A small contemporary example is in robotics, often accidents are “robot arm crashes into the table”, but a non-accident we still want to avoid is “motions which incur more long-term wear than alternative motions”.
An important goal of safe exploration is that we would like to learn this quality with high efficiency. A joke about current methods is that we learn not to run into a wall by running into a wall millions of times.
With this in mind, I think for the moment sample efficiency gains are probably also safe exploration gains, but at some point we might have to trade off how to increase the learning efficiency of safety qualities by decreasing the learning efficiency of other qualities.
Hey Aray!
I agree with this. I jumped the gun a bit in not really making the distinction clear in my earlier post “Safe exploration and corrigibility,” but I think that made it a bit confusing, so I went heavy on the distinction here—but perhaps more heavy than I actually think is warranted.

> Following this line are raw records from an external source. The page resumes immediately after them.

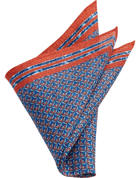 Joseph Abboud Linen Pocket Square, Rust & Blue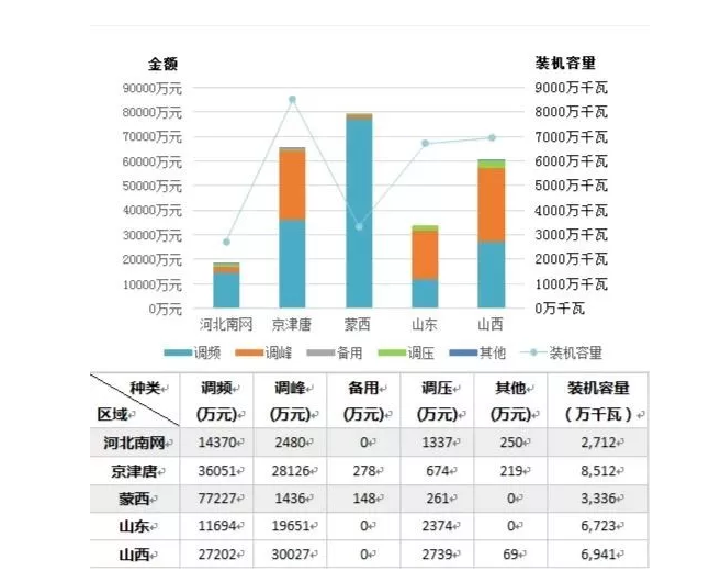 今年五月,国家能源局曾发布2018年度全国电力辅助服务市场数据。单从调频服务来看,蒙西市场补偿总量达77227万元,这个数字不仅冠绝华北,在全国也独树一帜,比今年储能调频市场异常火热的广东还高出一倍多(32329万元)。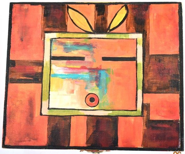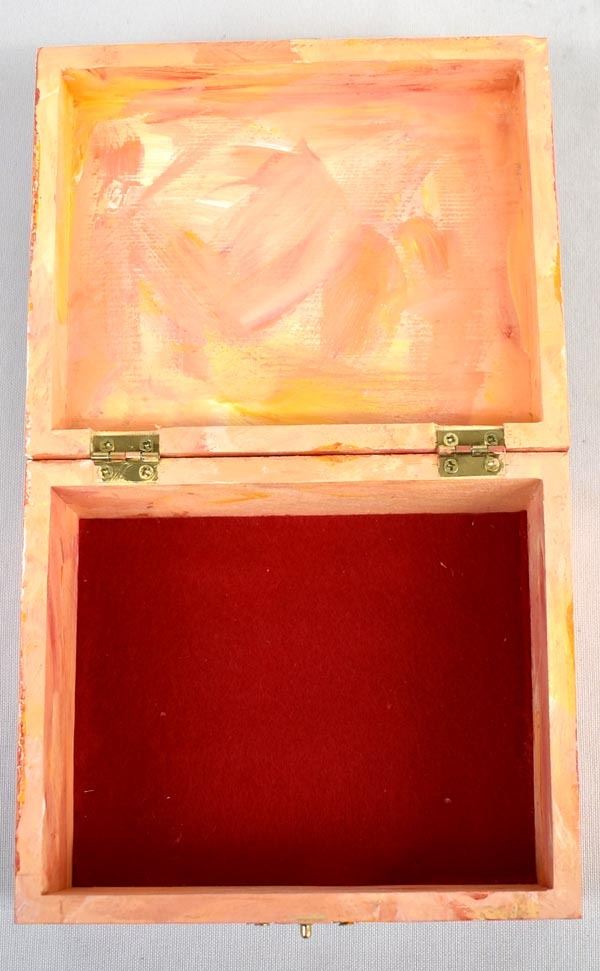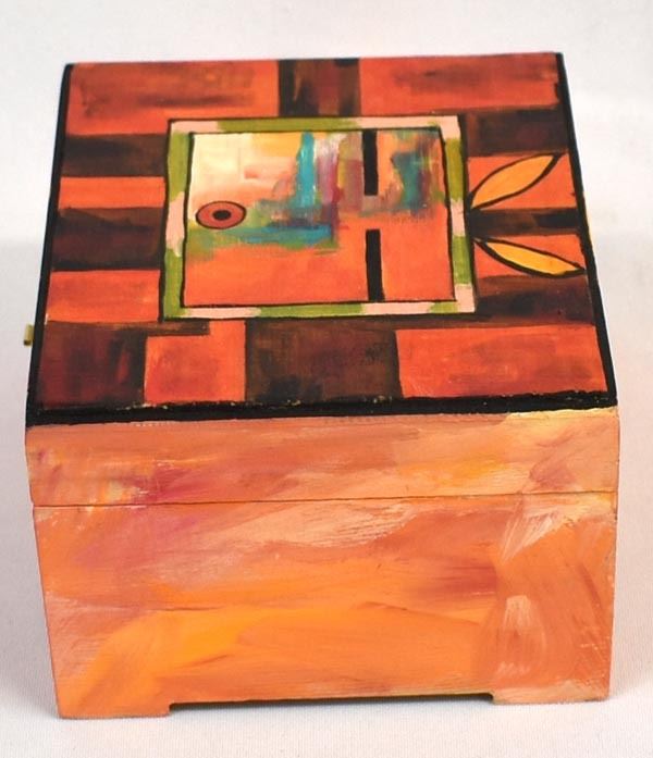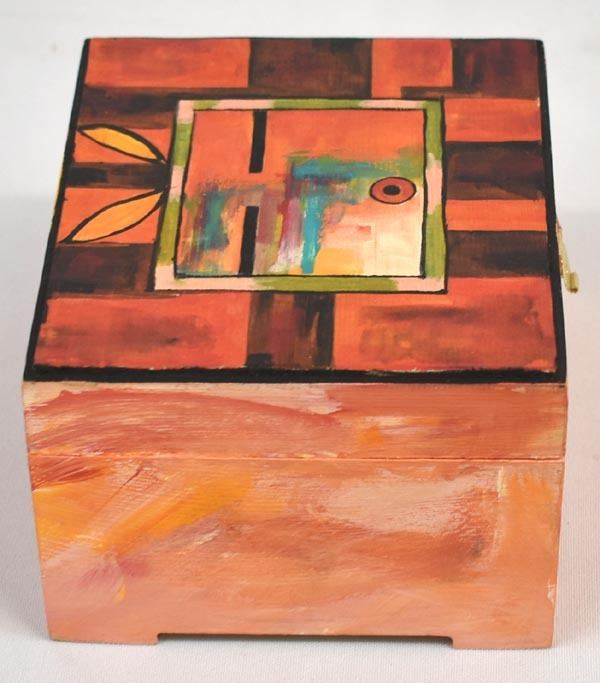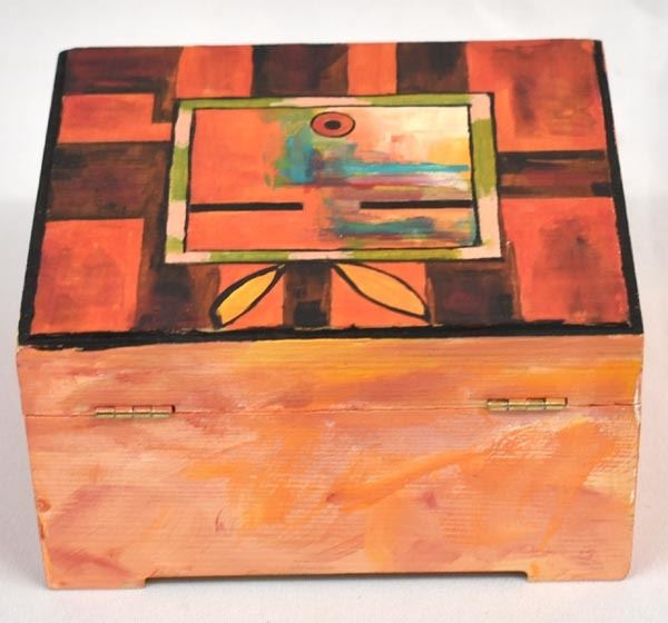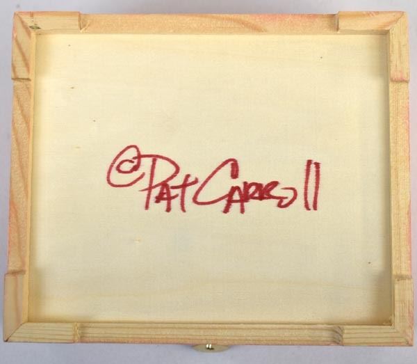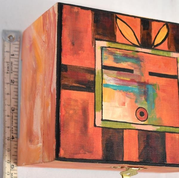 Native American Designed Wood Trinket Box by Pat Carroll, measures 5'' x 6'' x 3'', beautiful colors and signed on the bottom, Patrick Carroll (1949-2019)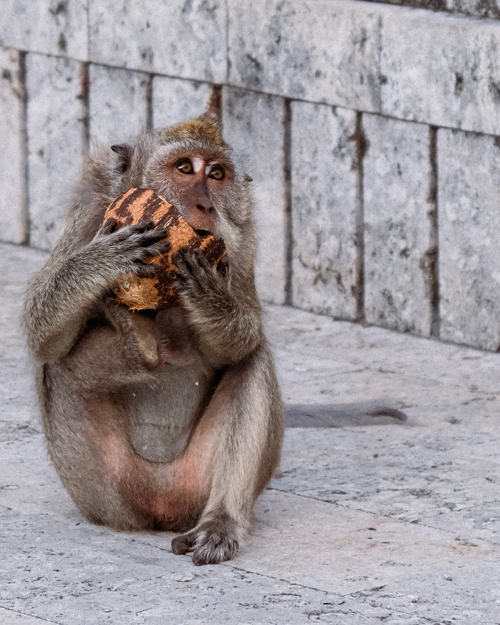 brown monkey sitting on gray concrete floor during daytime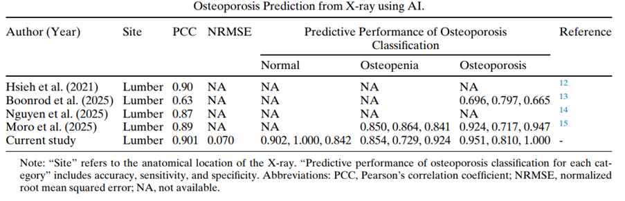 - Độ đặc hiệu (Specificity) đạt 1.000: Đây là chỉ số cao nhất trong bảng so sánh. Điều này đồng nghĩa với việc AI loại bỏ hoàn toàn khả năng báo dương tính giả (false positive) cho nhóm bệnh nhân loãng xương.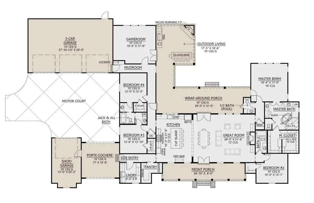 | Porches / Outdoor Living | Front covered porch + wrap-around rear porch with fireplace and grilling/bar area |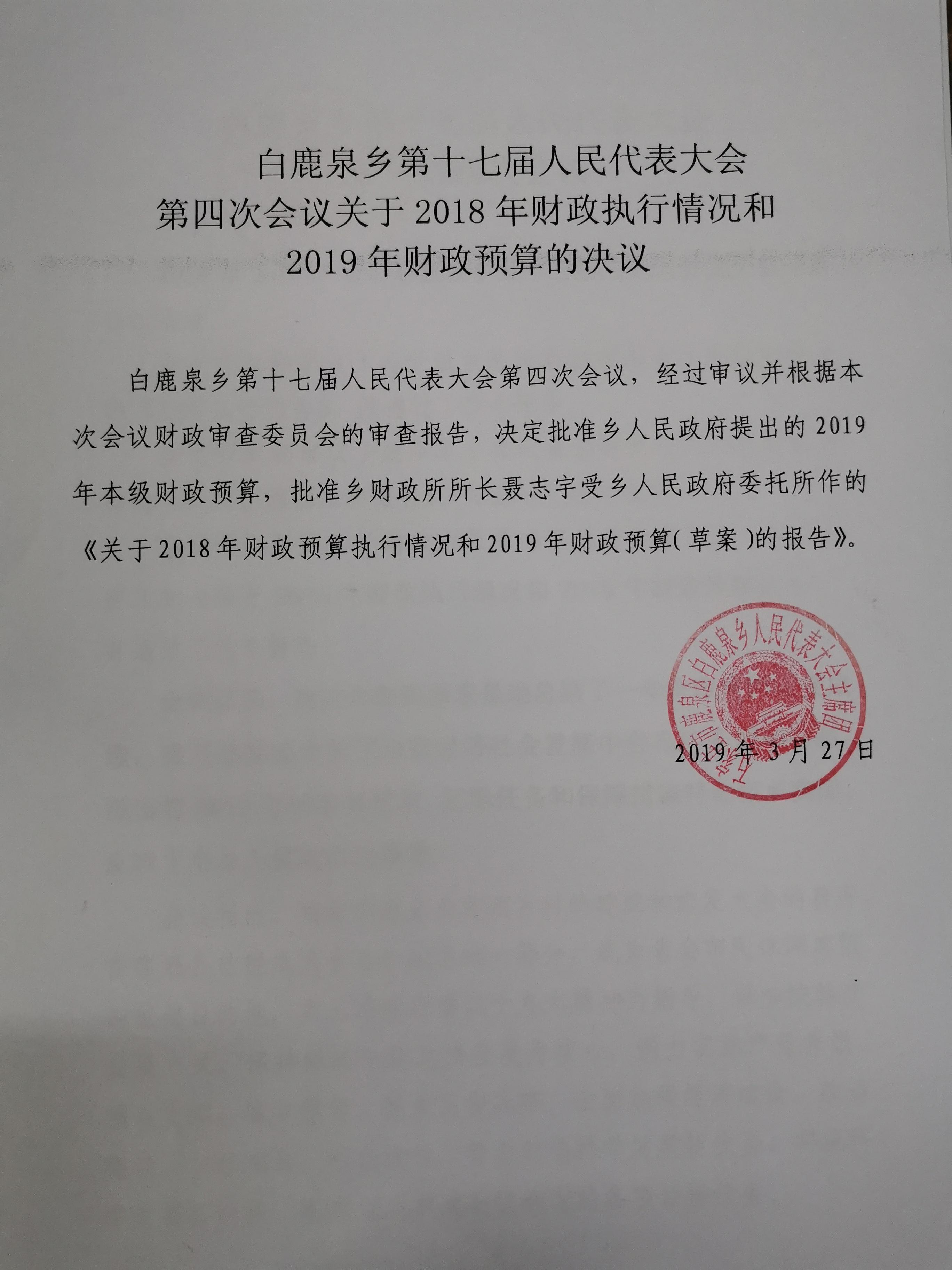 21___白鹿泉乡第十七届人民代表大会第四次会议关于2018年财政执行情况和2019年财政预算的决议

The problem I have with relaxing within-episode and across-episode exploration into each other, though, is precisely the problem I describe in “Safe exploration and corrigibility,” however, which is that by default you only end up with capability exploration not objective exploration—that is, an agent with a goal (i.e. a mesa-optimizer) is only going to explore to the extent that it helps its current goal, not to the extent that it helps it change its goal to be more like the desired goal. Thus, you need to do something else (something that possibly looks somewhat like corrigibility) to get the agent to explore in such a way that helps you collect data on what its goal is and how to change it.
My main reason for making the separation is that in every deep RL algorithm I know of there is exploration-that-is-incentivized-by-gradient-descent and exploration-that-is-not-incentivized-by-gradient-descent and it seems like these should be distinguished. Currently due to episode boundaries these cleanly correspond to within-episode and across-episode exploration respectively, but even if episode boundaries become obsolete I expect the question of “is this exploration incentivized by the (outer) optimizer” to remain relevant. (Perhaps we could call this outer and inner exploration, where outer exploration the exploration that is not incentivized by the outer optimizer.)
I don’t have a strong opinion on whether “safe exploration” should refer to just outer exploration or both outer and inner exploration, since both options seem compatible with the existing ML definition.